I moved Johnny towards the stage, the identical approach I moved myself towards one every evening in my earlier life, when there may as nicely have been a W key I used to be urgent. And it was a smaller venue, the sorts I’d play on tour—random, no-name locations, only a stage with amps, drums, musicians, the odor of booze, cigarettes, weed, loud voices, even louder guitars, and the strangest fucking individuals you’ll ever meet. I wasn’t simply immersed within the sport; this was principally a reminiscence from my very own life.

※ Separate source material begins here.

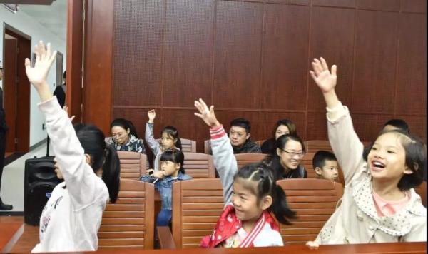 对于讲解员的提问,孩子们都胸有成竹地纷纷举起手,“不能玩手机。”“不可以吃东西。”“不能喧哗,还有走来走去。”随后,进入了体验环节。孩子们穿上了法袍和律师袍,过了一把“小法官”和“小律师”瘾,切身感受司法的公正和法律的威严。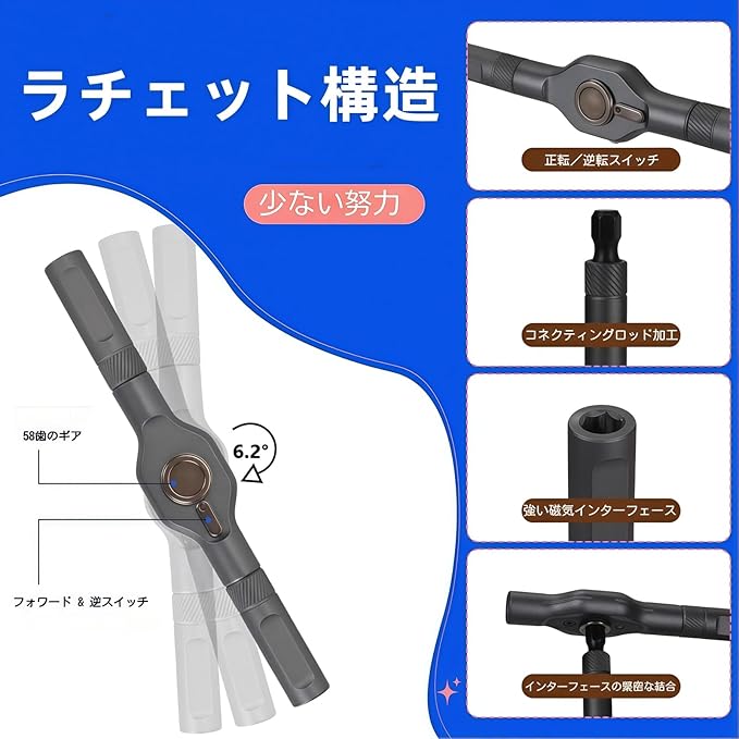 高効率ラチェット機構:精密ラチェットメカニズム搭載で前後切り替え可能。最大50Nmのトルクを実現し、従来比最大80%の省力化を実現。精密作業から力のかかる作業まで効率的に対応します。

When Johnny says into the mic, “I’m right here to say goodbye,” it jogged my memory of the final present I performed earlier than quitting tour life. And simply as that evening ended violently for Johnny, so did my very own last present throughout that chapter. Filled with rage in regards to the music trade and my place in it, I threw my guitar towards the wall and give up the band a number of quick days later.
My departure meant the dying of the band, an costly, formidable mission. “So that you’re simply going to fucking burn this all down?” a bandmate requested me once I give up. Yeah. Just like the Arasaka Towers, I did.
However in 2020 these reminiscences had been almost 4 years previous. I had come out as a girl, prepared to start out medical transition, and was residing my life anew. And like Johnny glitching himself into existence to hang-out V, so did my former life bedevil me. For the primary yr and a half of transition it was a trial to even contact a guitar. To take action would simply summon my very own Johnny Silverhand, interrupting me and fucking with my sense of actuality and id. And like V, I had a option to make.

Been good to know ya
Cyberpunk 2077’s narrative was usually fantastical sufficient that I might separate it from my very own life and simply eat it as a chunk of science-fiction media. However each interplay with Johnny Silverhand made it too arduous to disregard the plain query I’d been wrestling with and would proceed to wrestle with: Do I select hostility or grace when confronted with features of my life that make me uncomfortable? Do I study to make peace with this undesirable “different” self, or do I inform him to fuck off? Do I give in and simply let this different id take the wheel? Or do I simply eat drugs, take blockers, and see what occurs?
In that first Cyberpunk playthrough, I selected to let Johnny go off with Alt into the void of the online, the identical as how I selected to lastly let go of my previous self after years of attempting to make it work, of promising myself it’d be superb. V initially thought she might simply let him have her physique, till she realized she couldn’t. It’s arduous to observe that last second with Johnny, the place she simply lets him go, falling away to an unsure future on her personal. I cry each time. However I needed to do it.
I made the identical alternative with my very own false assemble, the rockerboy I left behind.